* _Assigned task_
The listing is to be returned word for word, without its images.

* _Data section_
* * *

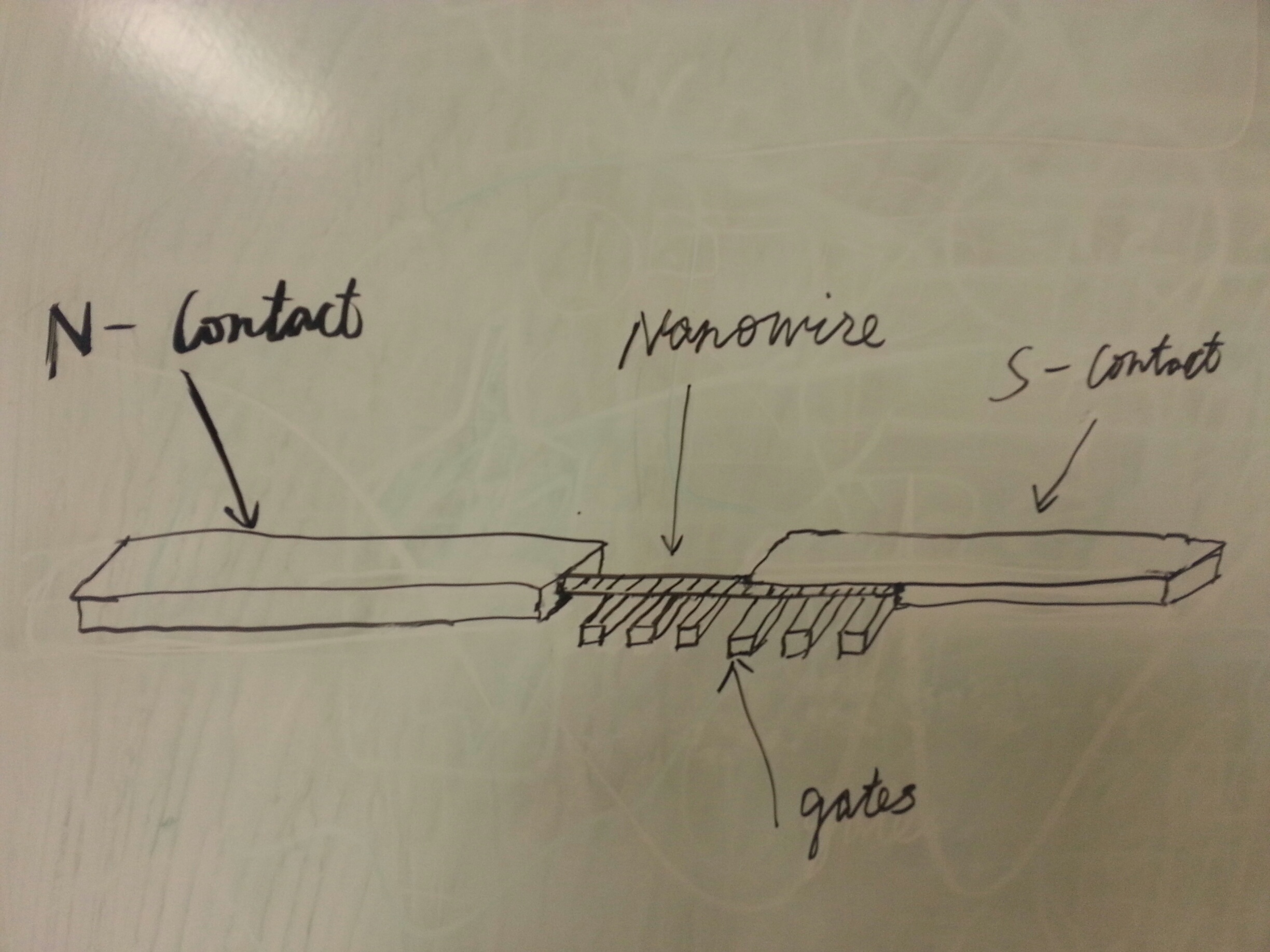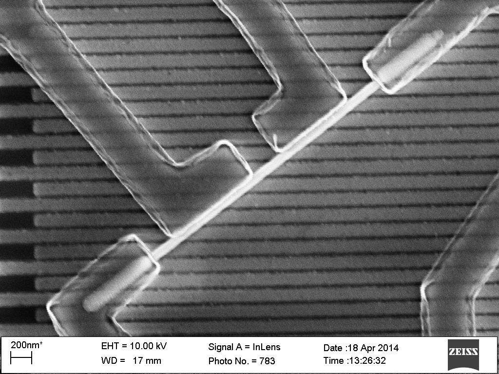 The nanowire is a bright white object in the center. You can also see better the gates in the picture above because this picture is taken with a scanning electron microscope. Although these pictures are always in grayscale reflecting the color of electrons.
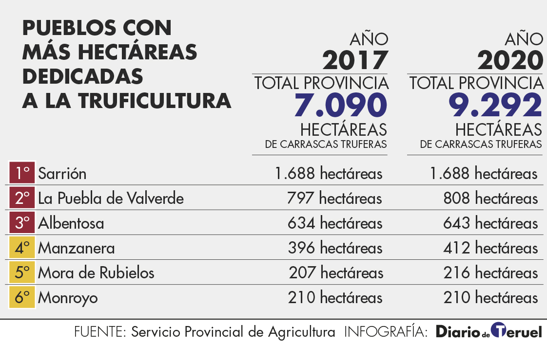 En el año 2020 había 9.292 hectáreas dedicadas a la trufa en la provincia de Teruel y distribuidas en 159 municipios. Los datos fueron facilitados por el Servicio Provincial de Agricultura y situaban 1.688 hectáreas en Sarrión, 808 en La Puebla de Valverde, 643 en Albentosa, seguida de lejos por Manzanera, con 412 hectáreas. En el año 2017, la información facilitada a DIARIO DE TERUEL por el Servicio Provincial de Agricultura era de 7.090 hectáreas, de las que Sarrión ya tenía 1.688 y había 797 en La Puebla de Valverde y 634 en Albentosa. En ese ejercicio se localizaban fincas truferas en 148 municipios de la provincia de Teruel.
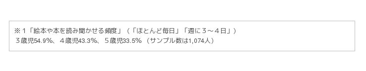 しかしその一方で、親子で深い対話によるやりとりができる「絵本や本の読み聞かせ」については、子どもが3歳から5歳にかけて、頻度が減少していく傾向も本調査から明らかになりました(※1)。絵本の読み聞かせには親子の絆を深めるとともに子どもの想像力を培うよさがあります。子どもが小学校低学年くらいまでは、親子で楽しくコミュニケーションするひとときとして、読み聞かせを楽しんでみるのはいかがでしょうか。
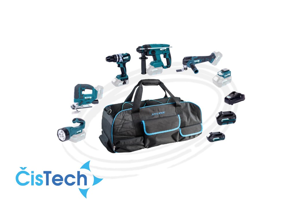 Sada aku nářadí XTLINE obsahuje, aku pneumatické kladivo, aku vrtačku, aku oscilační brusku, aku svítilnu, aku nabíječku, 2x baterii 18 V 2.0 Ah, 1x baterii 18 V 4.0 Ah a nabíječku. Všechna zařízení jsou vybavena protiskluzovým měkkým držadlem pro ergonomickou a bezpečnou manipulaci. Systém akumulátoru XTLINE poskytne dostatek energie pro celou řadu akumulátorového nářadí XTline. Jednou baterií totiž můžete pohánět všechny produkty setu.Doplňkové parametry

* * *

* _Worked solution_
 The nanowire is a bright white object in the center. You can also see better the gates in the picture above because this picture is taken with a scanning electron microscope. Although these pictures are always in grayscale reflecting the color of electrons.
 En el año 2020 había 9.292 hectáreas dedicadas a la trufa en la provincia de Teruel y distribuidas en 159 municipios. Los datos fueron facilitados por el Servicio Provincial de Agricultura y situaban 1.688 hectáreas en Sarrión, 808 en La Puebla de Valverde, 643 en Albentosa, seguida de lejos por Manzanera, con 412 hectáreas. En el año 2017, la información facilitada a DIARIO DE TERUEL por el Servicio Provincial de Agricultura era de 7.090 hectáreas, de las que Sarrión ya tenía 1.688 y había 797 en La Puebla de Valverde y 634 en Albentosa. En ese ejercicio se localizaban fincas truferas en 148 municipios de la provincia de Teruel.
 しかしその一方で、親子で深い対話によるやりとりができる「絵本や本の読み聞かせ」については、子どもが3歳から5歳にかけて、頻度が減少していく傾向も本調査から明らかになりました(※1)。絵本の読み聞かせには親子の絆を深めるとともに子どもの想像力を培うよさがあります。子どもが小学校低学年くらいまでは、親子で楽しくコミュニケーションするひとときとして、読み聞かせを楽しんでみるのはいかがでしょうか。
 Sada aku nářadí XTLINE obsahuje, aku pneumatické kladivo, aku vrtačku, aku oscilační brusku, aku svítilnu, aku nabíječku, 2x baterii 18 V 2.0 Ah, 1x baterii 18 V 4.0 Ah a nabíječku. Všechna zařízení jsou vybavena protiskluzovým měkkým držadlem pro ergonomickou a bezpečnou manipulaci. Systém akumulátoru XTLINE poskytne dostatek energie pro celou řadu akumulátorového nářadí XTline. Jednou baterií totiž můžete pohánět všechny produkty setu.Doplňkové parametry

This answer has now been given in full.